- **TASK BRIEF**
Your response to the data below should hold nothing except the lines from the one containing "外部での常設プリンターとしても使える「盗難防止ロックスロット」" down to the one containing "様々な悩みを抱える経営者の方", reproduced exactly and without pictures.

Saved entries
- - -

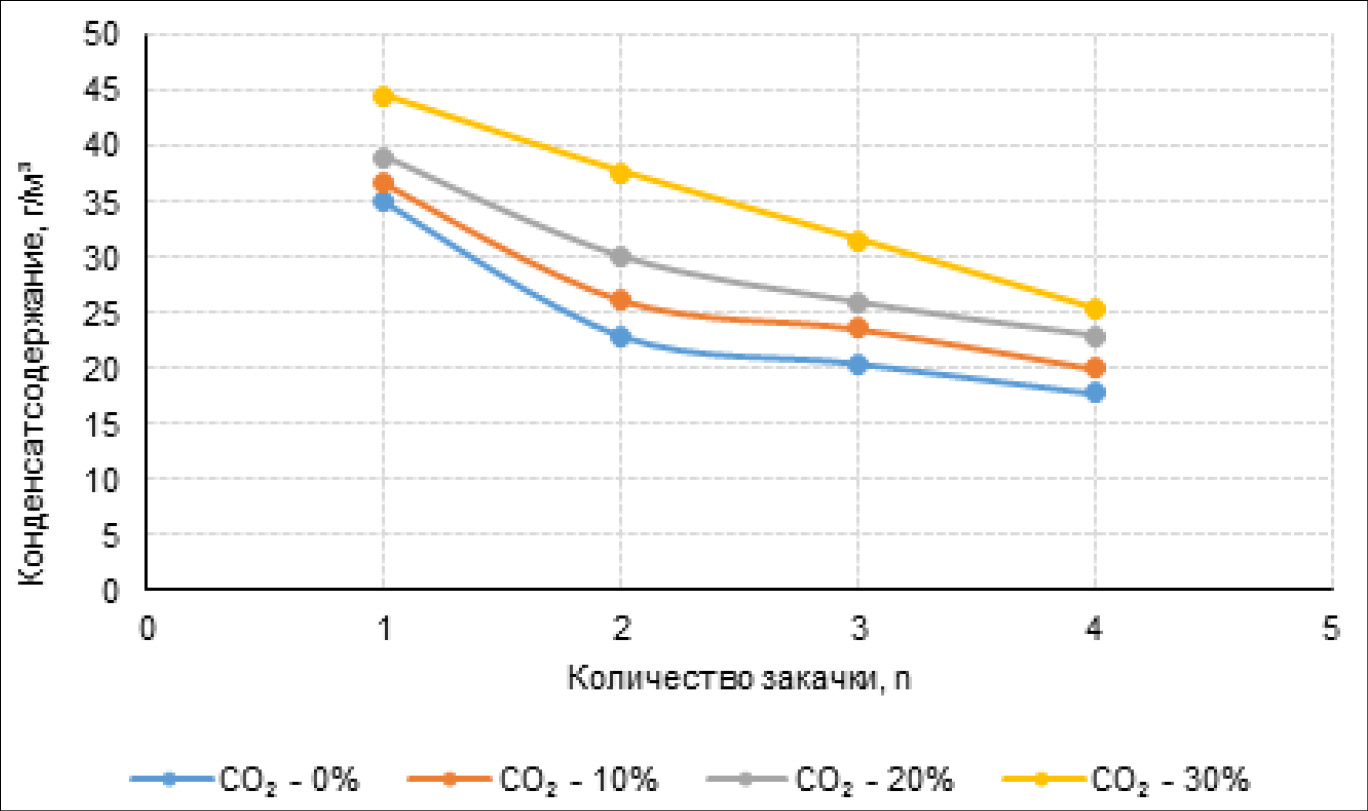 Конденсатосодержание добываемого газа увеличивается в зависимости от процентного содержания CO2 в закачиваемом газе, однако однозначно уменьшается в зависимости от количества циклов контактов.
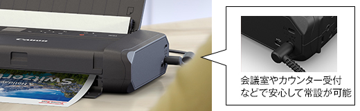 外部での常設プリンターとしても使える「盗難防止ロックスロット」
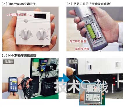 | 圖2 因無電池便利性提高 要點為:不需要一次性電池的更換與配線(a) 。組合電容與發(fā)電機的“振動發(fā)電電池”(b) 。與干電池的尺寸與形狀相同,可以直接在遙控器上使用。NHK富山電視臺與湯淺工機共同開發(fā)了轉播車千斤頂遙控器試制品(c) ,用手指按鈕的力量來發(fā)電。 |
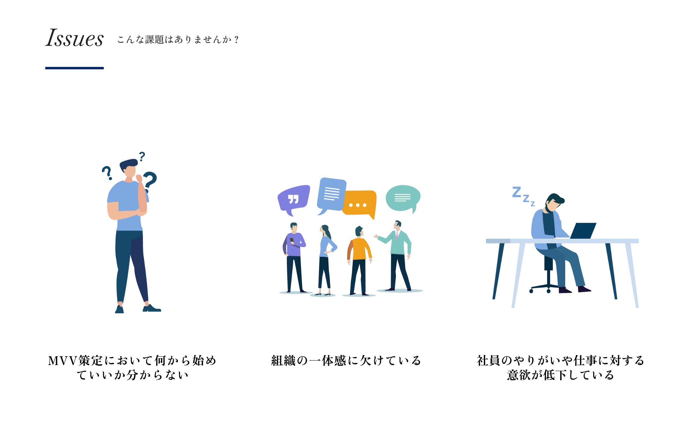 様々な悩みを抱える経営者の方々に寄り添い、MVVの策定から社内浸透まで一気通貫でお手伝いさせていただきます。
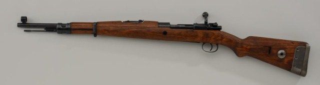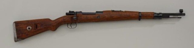 German model G33/40 Mountain carbine with Dot Arsenal marks on action dated 1942. 8 mm Mauser 20"bbl, Nazi proofs #4068. Nazi eagle with small "c" under number. 90-95% original bright arsenal blue with sharp markings,excellent bore, crisp interior showing little use. Proof on top of bolt near handle (matching). Stock shows 4068c on belly. Correct large butt plate. The best carbine of mountain type we have seen in a decade froma premier So Cal collection. Est.$2,500-$5,000. No important marks.
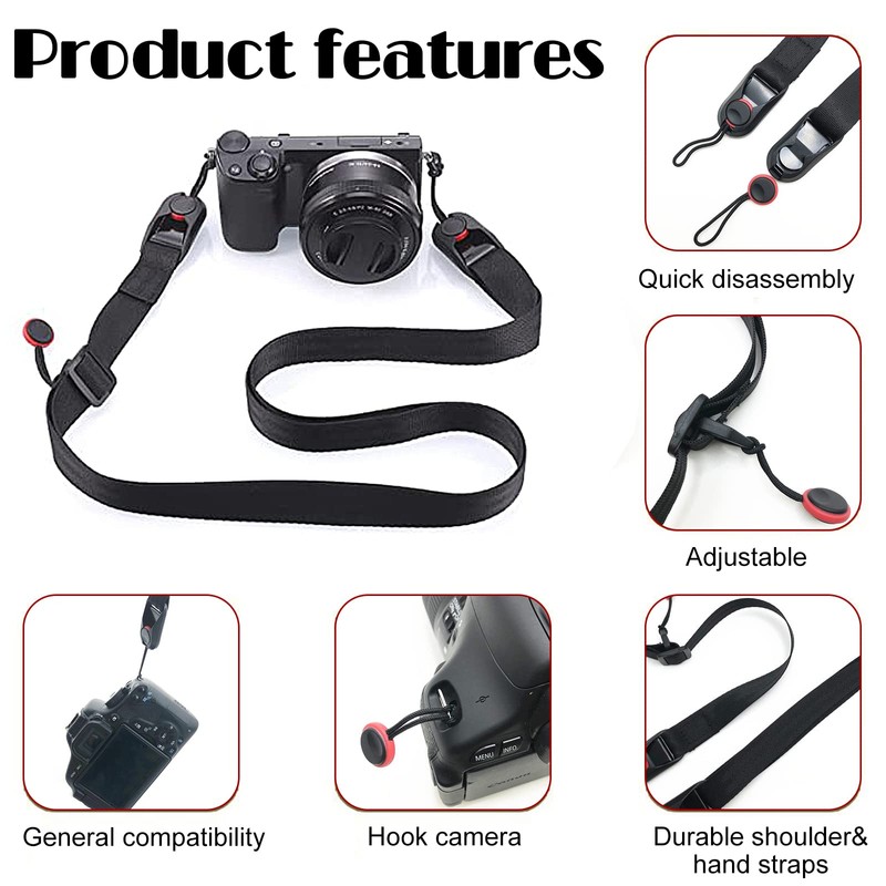 - Quick and easy to remove: the adjustable black camera strap shoulder strap has quick-release buckles at both ends of the strap, so you can remove and attach the shoulder strap quickly and easily.
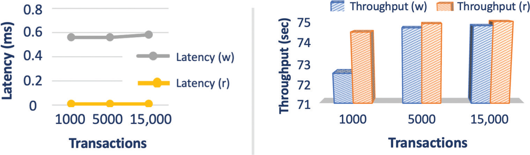 Fig. 8. Evaluation of the impact of transaction numbers, TPS (transactions per second) = 75 from Tables 2 and 3, Org (organization) numbers = 5: Latency and Throughput in Create and Write operations.
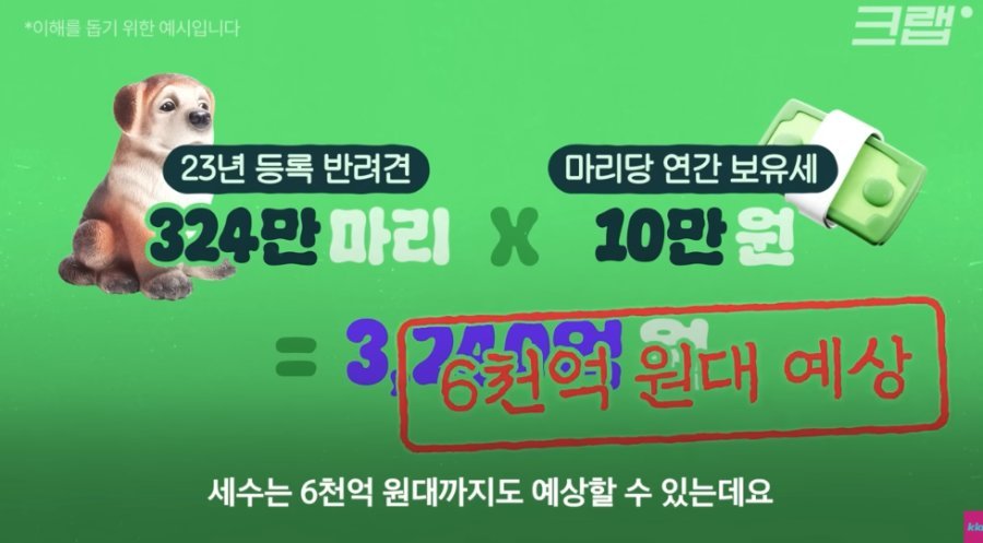 올해 기준 등록된 반려견만 해도 무려 324만 마리! 여기에 마리당 연 10만원씩 세금을 부과하면, 단순 계산만 해도 연간 3,240억 원, 최대 6천억 원대 세수까지 기대된다고 해요. 💰
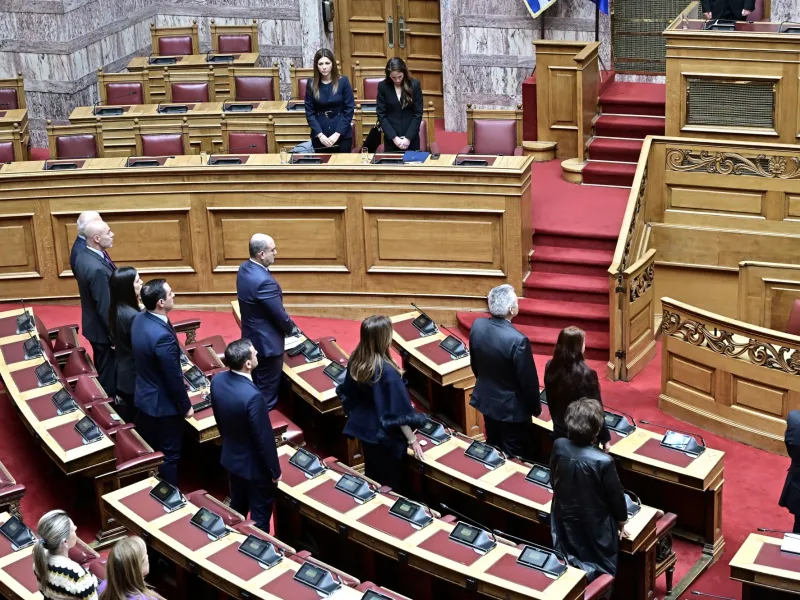 Ολομέλεια της Βουλής τίμησε με ενός λεπτού σιγή τη μνήμη των 57 θυμάτων της σιδηροδρομικής τραγωδίας των Τεμπών, με αφορμή τη συμπλήρωση τριών χρόνων από το τραγικό δυστύχημα.
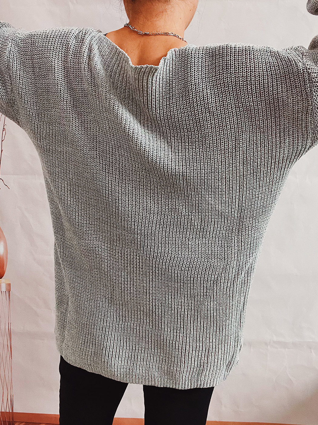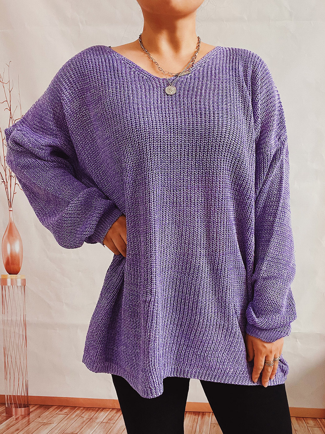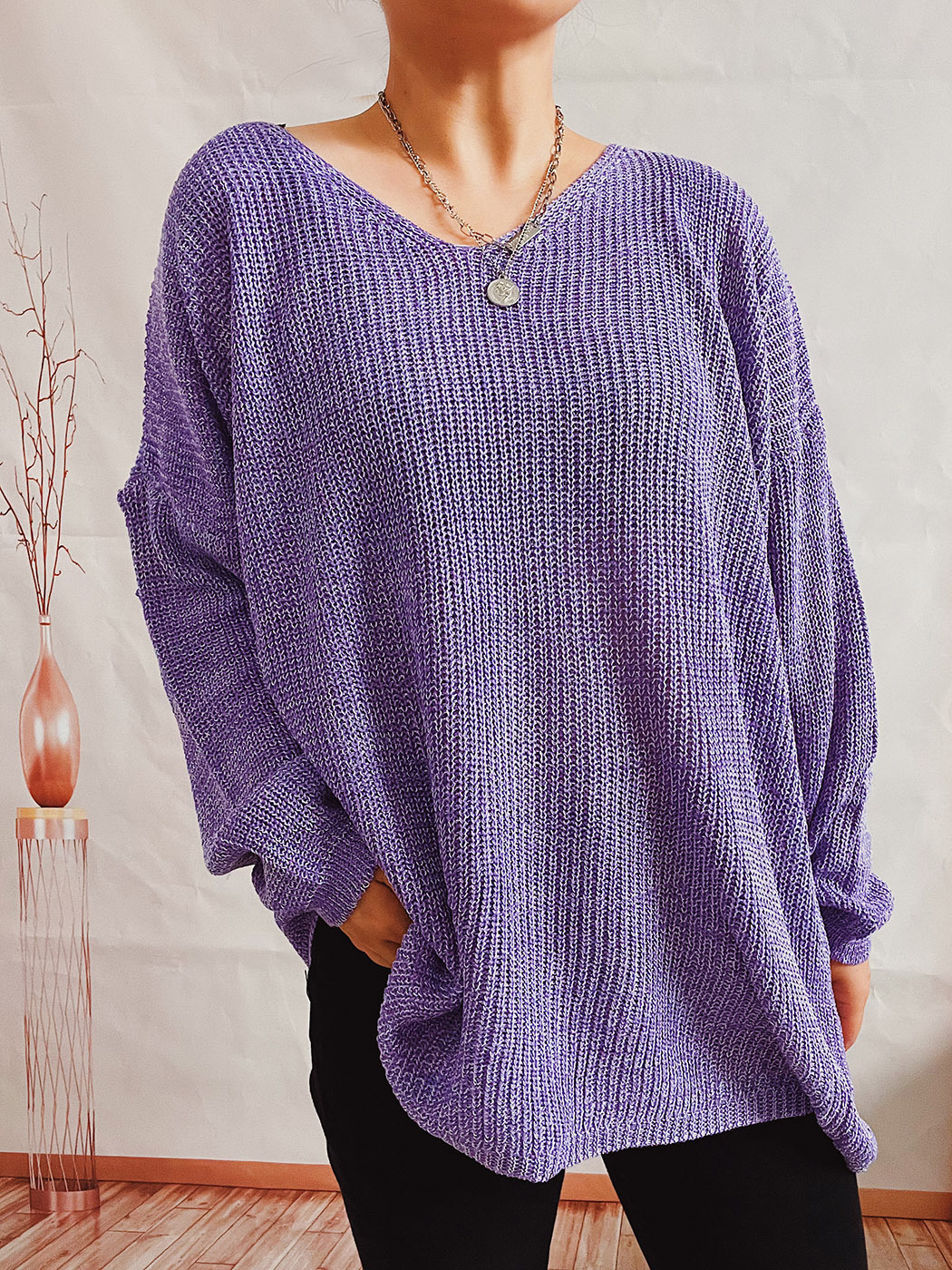 Pull simple, ample, couleur unie, col en V, manches longues, tricot fin

- - -

- **RESULT**
 外部での常設プリンターとしても使える「盗難防止ロックスロット」
 | 圖2 因無電池便利性提高 要點為:不需要一次性電池的更換與配線(a) 。組合電容與發(fā)電機的“振動發(fā)電電池”(b) 。與干電池的尺寸與形狀相同,可以直接在遙控器上使用。NHK富山電視臺與湯淺工機共同開發(fā)了轉播車千斤頂遙控器試制品(c) ,用手指按鈕的力量來發(fā)電。 |
 様々な悩みを抱える経営者の方々に寄り添い、MVVの策定から社内浸透まで一気通貫でお手伝いさせていただきます。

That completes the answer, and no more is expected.